Action item — Output only the lines below from the one holding "Acompañado por los" down to the one holding "本次擴(kuò)建工作時(s", both end lines included and every picture dropped.
===== Supplied records
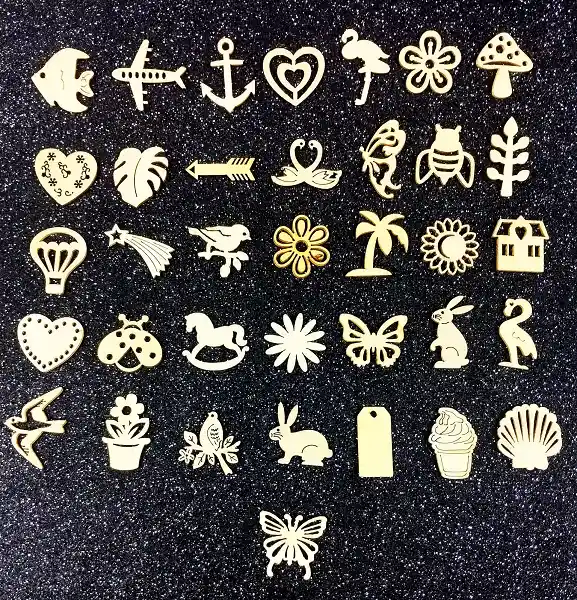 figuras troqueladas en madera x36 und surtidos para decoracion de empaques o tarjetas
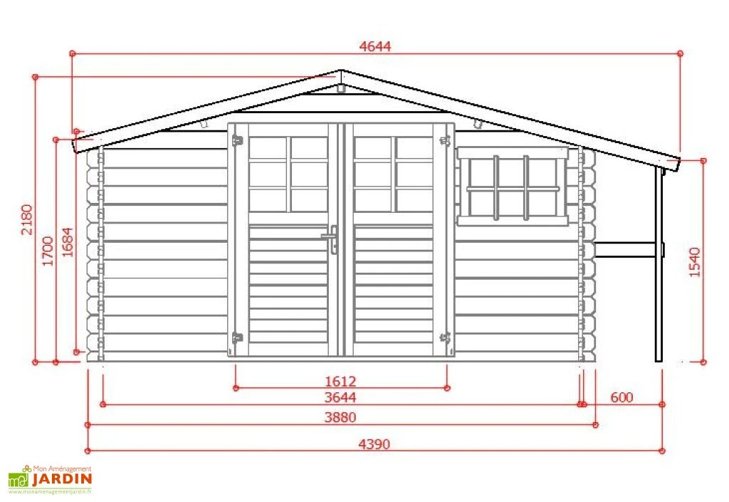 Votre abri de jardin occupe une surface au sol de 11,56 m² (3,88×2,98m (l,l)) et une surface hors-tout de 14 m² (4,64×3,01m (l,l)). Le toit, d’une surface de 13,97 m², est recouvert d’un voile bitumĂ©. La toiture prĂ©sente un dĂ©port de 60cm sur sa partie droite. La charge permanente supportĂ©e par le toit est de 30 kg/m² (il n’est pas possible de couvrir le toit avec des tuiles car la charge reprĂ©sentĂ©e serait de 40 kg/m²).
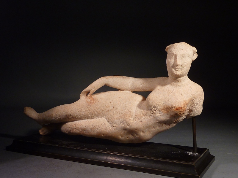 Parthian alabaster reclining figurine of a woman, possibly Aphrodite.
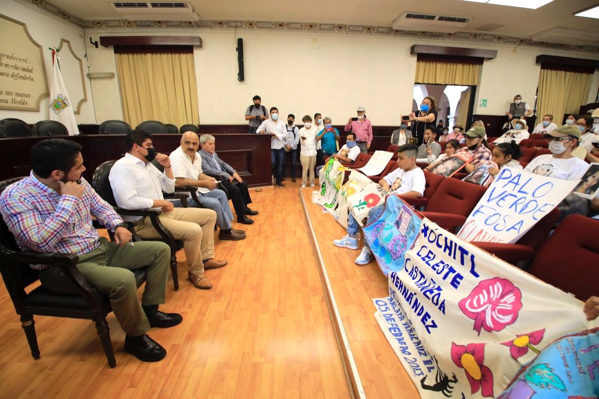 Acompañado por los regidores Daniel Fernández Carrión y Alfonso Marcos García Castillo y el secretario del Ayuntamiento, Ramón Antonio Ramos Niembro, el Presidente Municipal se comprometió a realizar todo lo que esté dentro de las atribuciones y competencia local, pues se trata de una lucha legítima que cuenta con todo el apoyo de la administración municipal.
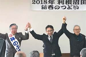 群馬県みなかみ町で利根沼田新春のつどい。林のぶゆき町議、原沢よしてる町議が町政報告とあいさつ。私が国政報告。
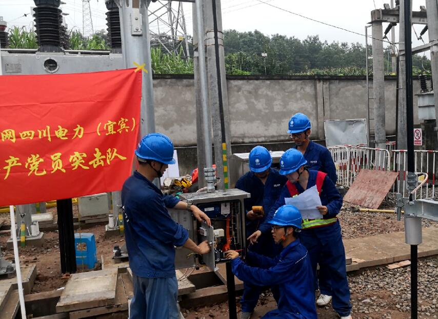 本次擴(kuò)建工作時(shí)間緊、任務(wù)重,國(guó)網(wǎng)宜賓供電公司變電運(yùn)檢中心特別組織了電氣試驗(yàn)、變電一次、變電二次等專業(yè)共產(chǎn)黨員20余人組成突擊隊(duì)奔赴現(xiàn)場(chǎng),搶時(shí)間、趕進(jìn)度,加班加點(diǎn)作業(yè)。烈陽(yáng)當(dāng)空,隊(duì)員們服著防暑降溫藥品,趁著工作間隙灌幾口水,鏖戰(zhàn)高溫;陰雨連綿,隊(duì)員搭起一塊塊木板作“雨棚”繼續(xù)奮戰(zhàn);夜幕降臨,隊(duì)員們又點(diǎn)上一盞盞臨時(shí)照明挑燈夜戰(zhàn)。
==========
===== Supplied records
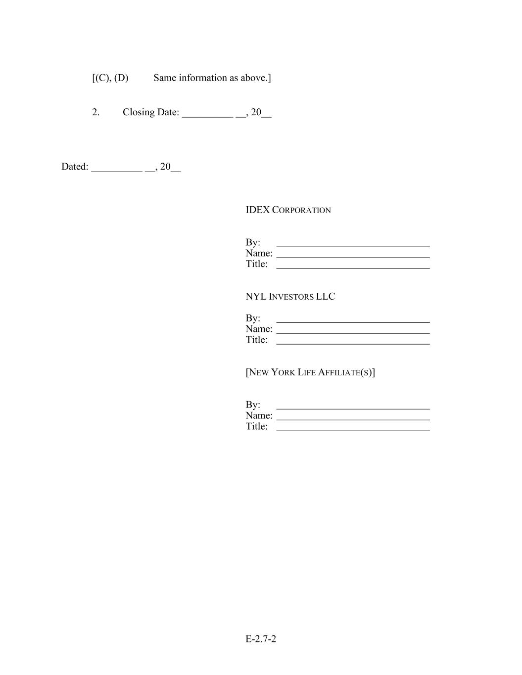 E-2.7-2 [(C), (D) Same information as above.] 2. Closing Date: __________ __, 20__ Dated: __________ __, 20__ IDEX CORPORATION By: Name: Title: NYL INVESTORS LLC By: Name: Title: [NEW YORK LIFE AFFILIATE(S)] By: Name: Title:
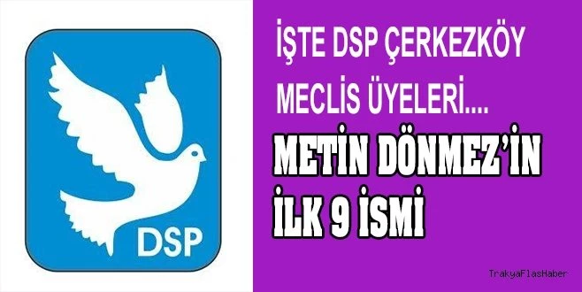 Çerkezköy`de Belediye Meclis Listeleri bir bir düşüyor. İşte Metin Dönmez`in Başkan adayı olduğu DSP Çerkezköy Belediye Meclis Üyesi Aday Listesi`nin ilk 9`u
==========
Reply to the task —
 Acompañado por los regidores Daniel Fernández Carrión y Alfonso Marcos García Castillo y el secretario del Ayuntamiento, Ramón Antonio Ramos Niembro, el Presidente Municipal se comprometió a realizar todo lo que esté dentro de las atribuciones y competencia local, pues se trata de una lucha legítima que cuenta con todo el apoyo de la administración municipal.
 群馬県みなかみ町で利根沼田新春のつどい。林のぶゆき町議、原沢よしてる町議が町政報告とあいさつ。私が国政報告。
 本次擴(kuò)建工作時(shí)間緊、任務(wù)重,國(guó)網(wǎng)宜賓供電公司變電運(yùn)檢中心特別組織了電氣試驗(yàn)、變電一次、變電二次等專業(yè)共產(chǎn)黨員20余人組成突擊隊(duì)奔赴現(xiàn)場(chǎng),搶時(shí)間、趕進(jìn)度,加班加點(diǎn)作業(yè)。烈陽(yáng)當(dāng)空,隊(duì)員們服著防暑降溫藥品,趁著工作間隙灌幾口水,鏖戰(zhàn)高溫;陰雨連綿,隊(duì)員搭起一塊塊木板作“雨棚”繼續(xù)奮戰(zhàn);夜幕降臨,隊(duì)員們又點(diǎn)上一盞盞臨時(shí)照明挑燈夜戰(zhàn)。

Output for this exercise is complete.